Le plan de relance de l’État inclut une part importante d’aides destinées à l’insertion professionnelle des jeunes. Dans les Pyrénées-Orientales, quelque 2.227 contrats d’apprentissages ont déjà été signés, encouragés par les subventions directement versées aux entreprises.« Dans le contexte actuel, les entreprises doivent se mobiliser pour les jeunes confrontés à de grandes difficultés économiques et sociales », lance Xavier Danjou, dirigeant de la PME familiale La Confiserie du Tech.
Partant de « ce postulat » le biscuitier-confiseur catalan, installé à Perpignan, a recruté trois jeunes apprentis dans ses rangs et s'apprête à intégrer deux autres jeunes.
«Nous avons actuellement un jeune en pâtisserie, un en maintenance et un en marketing-vente. Grâce à une nouvelle formation de conducteur de ligne automatisée ouverte par laChambre des métiers et de l'artisanat, nous allons recruter un quatrième jeune», explique le dirigeant, qui a bénéficié du dispositif "Un jeune, une solution".
Ces recrutements représentent « 4 à 5 % » de l'effectif total de la PME qui compte environ 100 emplois équivalents temps plein (ETP).
29 % de jeunes inactifs
Grâce aux coups de pouce financiers de l'État pour relancer la machine économique à travers notamment l'emploi des jeunes, de nombreuses entreprises catalanes ont recruté des apprentis à travers avec le plan "Un jeune, une solution".
«L'apprentissage a connu une augmentation très substantielle dans les Pyrénées-Orientales : 2.227 contrats d'apprentissage ont été subventionnés, dans le cadre de la Relance, depuis l'été dernier», précise la préfecture du département.
Pourquoi un tel engouement ? Tout d'abord, les primes à l'embauche directement versées aux entreprises allant de 4.000 euros à 8.000 euros par contrat de travail selon les cas, cela favorisé la signature de contrats longs (entre un an et trois ans).

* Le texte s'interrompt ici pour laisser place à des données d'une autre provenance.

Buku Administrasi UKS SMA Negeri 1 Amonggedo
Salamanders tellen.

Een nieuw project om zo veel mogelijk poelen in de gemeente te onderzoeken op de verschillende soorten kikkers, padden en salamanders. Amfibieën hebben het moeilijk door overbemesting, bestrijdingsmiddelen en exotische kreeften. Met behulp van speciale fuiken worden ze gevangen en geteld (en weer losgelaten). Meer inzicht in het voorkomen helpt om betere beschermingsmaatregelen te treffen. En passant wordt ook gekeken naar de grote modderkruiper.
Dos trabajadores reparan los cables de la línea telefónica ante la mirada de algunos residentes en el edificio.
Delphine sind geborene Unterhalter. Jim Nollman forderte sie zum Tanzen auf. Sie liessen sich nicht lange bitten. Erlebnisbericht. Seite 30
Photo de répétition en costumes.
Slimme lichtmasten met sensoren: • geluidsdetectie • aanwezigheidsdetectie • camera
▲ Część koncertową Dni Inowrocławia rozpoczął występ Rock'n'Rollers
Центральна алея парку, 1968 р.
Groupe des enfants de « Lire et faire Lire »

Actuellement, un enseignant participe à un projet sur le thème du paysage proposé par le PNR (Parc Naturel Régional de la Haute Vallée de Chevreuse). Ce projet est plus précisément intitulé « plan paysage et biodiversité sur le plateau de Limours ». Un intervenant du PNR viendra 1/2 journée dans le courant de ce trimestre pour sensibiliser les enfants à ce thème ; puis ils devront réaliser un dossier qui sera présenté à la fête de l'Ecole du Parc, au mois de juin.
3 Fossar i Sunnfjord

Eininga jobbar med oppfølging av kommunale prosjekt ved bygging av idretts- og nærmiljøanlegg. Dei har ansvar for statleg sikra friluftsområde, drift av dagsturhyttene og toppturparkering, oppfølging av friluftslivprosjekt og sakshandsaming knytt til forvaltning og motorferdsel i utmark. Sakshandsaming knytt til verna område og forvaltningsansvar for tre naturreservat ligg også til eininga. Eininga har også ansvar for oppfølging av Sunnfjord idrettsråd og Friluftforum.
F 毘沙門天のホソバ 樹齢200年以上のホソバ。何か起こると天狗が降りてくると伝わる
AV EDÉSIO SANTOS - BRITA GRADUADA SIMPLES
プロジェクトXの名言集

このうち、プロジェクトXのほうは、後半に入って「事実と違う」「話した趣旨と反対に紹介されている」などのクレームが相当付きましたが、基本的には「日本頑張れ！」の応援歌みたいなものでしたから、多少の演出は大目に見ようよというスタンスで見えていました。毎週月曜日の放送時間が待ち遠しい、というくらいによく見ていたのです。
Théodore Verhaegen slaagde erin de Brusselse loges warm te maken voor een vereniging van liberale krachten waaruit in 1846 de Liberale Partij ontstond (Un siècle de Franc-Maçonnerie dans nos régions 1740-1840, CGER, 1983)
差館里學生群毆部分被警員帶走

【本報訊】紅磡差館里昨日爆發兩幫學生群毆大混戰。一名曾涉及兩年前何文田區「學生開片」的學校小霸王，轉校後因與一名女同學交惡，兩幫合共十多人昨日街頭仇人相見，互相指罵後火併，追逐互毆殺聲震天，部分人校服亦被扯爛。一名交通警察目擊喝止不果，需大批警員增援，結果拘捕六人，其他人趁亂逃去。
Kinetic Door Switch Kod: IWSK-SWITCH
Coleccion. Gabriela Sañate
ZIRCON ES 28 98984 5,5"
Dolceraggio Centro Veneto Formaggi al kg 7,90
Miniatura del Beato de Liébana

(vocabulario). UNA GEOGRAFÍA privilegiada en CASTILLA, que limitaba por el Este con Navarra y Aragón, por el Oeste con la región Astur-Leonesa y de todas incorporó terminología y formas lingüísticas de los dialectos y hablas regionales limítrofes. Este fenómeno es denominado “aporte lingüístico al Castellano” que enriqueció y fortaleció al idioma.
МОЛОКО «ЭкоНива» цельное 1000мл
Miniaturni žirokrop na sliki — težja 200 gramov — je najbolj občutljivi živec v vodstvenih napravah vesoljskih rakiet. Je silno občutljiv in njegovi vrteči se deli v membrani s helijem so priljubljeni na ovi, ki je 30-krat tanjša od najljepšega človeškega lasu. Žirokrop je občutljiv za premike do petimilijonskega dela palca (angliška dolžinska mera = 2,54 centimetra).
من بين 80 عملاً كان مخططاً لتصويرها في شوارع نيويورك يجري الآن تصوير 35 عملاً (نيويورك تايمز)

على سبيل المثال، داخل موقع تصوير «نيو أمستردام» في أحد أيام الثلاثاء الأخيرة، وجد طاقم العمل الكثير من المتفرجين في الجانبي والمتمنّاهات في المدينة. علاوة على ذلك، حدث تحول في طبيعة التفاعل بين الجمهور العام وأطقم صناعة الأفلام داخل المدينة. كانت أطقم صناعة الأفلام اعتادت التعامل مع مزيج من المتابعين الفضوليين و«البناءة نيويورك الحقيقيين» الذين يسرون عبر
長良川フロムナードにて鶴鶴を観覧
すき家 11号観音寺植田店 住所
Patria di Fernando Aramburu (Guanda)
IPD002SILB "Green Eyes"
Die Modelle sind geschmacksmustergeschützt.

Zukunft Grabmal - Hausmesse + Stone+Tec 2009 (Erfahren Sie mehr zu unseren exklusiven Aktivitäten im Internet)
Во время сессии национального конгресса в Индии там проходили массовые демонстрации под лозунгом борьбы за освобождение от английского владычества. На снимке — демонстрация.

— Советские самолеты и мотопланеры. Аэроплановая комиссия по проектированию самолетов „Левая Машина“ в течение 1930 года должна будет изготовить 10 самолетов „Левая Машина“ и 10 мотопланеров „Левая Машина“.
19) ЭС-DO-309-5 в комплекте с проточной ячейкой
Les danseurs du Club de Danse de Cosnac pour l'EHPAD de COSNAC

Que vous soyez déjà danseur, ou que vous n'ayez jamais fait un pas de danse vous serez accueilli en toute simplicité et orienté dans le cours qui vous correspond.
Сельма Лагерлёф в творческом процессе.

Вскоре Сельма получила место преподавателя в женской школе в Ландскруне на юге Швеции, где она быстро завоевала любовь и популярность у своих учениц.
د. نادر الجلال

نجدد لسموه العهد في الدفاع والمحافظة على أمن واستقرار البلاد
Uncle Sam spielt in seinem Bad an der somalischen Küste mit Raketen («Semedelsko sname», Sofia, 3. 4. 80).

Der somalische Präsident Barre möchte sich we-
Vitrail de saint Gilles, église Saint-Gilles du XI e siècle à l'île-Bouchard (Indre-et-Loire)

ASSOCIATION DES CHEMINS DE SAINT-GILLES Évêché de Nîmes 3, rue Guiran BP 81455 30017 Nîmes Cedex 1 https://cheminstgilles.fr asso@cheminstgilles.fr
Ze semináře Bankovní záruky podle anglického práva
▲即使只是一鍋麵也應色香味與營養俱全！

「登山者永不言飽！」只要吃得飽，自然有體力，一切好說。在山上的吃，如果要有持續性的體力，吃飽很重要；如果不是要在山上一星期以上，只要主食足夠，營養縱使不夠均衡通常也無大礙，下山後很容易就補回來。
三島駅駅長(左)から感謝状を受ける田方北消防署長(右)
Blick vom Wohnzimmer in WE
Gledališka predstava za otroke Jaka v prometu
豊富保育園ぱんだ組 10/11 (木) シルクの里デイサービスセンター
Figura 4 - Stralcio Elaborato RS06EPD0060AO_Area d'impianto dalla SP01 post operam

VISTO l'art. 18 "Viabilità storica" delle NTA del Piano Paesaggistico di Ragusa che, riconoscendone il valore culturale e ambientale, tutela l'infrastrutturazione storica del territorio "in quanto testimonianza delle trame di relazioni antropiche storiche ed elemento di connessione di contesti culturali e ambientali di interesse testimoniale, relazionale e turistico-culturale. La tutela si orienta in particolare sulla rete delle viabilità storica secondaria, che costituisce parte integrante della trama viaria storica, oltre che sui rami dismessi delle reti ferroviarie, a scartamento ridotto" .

«La sociologie du département a également contribué à ce succès, puisque les Pyrénées-Orientales sont le département où le taux de chômage, 14%, est le plus élevé de France métropolitaine,analyse la préfecture du département catalan. 29% des jeunes de 16 à 25 ans sont ni en emploi, ni en étude ni en formation (NEETs,Not in Education, Employment or Training, NDLR), contre 20,2% dans toute l'Occitanie.»
Des contrats en hausse de 20 à 30% à l'IDEM
Pour Xaxier Danjou, l'engagement des entreprises, s'explique aussi par la « qualité et la diversité des formations proposées par les centres de formation qui renferment un vivier certain sur de nombreux métiers en tension. Les centres de formation nous proposent des jeunes correspondant à nos besoins ».